Thursday 16 August 2007

Above All, Be Kind: Raising a Humane Child in Challenging Times by Zoe Weil

Photo Sharing and Video Hosting at PhotobucketPublished by New Society Publishers

Zoe Weil brings us a book that is insightful and practical. Today's culture makes it difficult for those parents who want to raise their children as kind, humane, generous, responsible, and confident people. Children are discouraged from spending time outside in a natural environment, choosing instead to spend time with their computers, gaming systems, and of course television. Commercials are becoming more bold in their quest to push the latest product, and peer pressure - through all ages, including adults - makes it hard to resist materialism.

While we often want our children to have better lives, and can provide them with so much more than we were offered in our childhood, are we really doing what is best for them? It's becoming more common for children to lack self-esteem, confidence, and compassion, instead we are finding apathy, fear, and self-doubt.

Above All, Be Kind is a book which offers solutions to these problems, teaching the parent how to raise their children with positive values. The author gives the parents a teaching tool known as the Four Elements of Humane Education: Providing Information; Teaching critical thinking; Instilling the three Rs of Reverence, Respect and Responsibility, and Offering positive choices.

Parents are encouraged to use these elements in their daily lives and become a more positive role model for their children. The Four Elements enables children to become more aware, empowered and compassionate, usually helping the child to live a happier, and healthier lifestyle.

What I loved about this book, was that as an adult with parents who didn't really help me develop good values, I have learned a great deal that will help me live a more positive life and be a shining example to those around me. I especially liked that throughout the book, the author doesn't just provide instructions without explanation, she explains how and why the Four Elements work. She also provides so many examples from both her personal life and the lives of others which are wonderful lessons in themselves.

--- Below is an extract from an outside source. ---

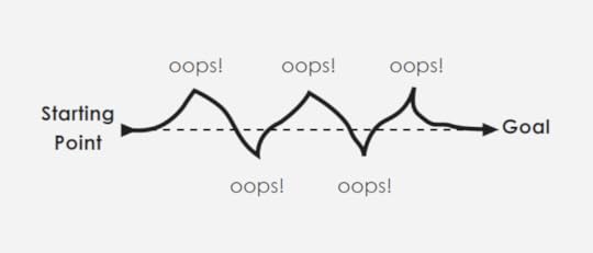 In his book Actualizations, Stewart Emery presents an excellent model for changing your direction in life. He learned it while seated on the flight deck of an airplane on the way to Honolulu. He noticed a console, which was identified by the pilot as the inertial guidance system. The purpose of the system was to get the plane within one thousand yards of the runway in Hawaii within five minutes of the estimated arrival time. Each time the plane strayed off course, the system corrected it. The pilot explained that they would arrive in Hawaii on time in spite of “having been in error 90 percent of the time.” Emery takes it from there, stating: “So the path from here to where we want to be starts with an error, which we correct, which becomes the next error, which we correct and that becomes the next error, which we correct. So the only time we are truly on course is that moment in the zigzag when we actually cross the true path.” From the analogy, we see that the trick in life is not to worry about making a wrong decision; it’s learning when to correct! My concept of the model looks like this:

I also liked the "Did you know?" sections in which she provides information about important issues such as sweat shops, advertising that is targetted at children, and factory farming. Complimenting those sections, the author provides suggestions on how we can make more humane choices with regard to each issue. Also, a well written questionaire is provided in the latter pages, which you can use to define your goals and ideals, as well as discovering how you can improve the message you send with the actions in your life.

This is by far one of my favourite parenting books.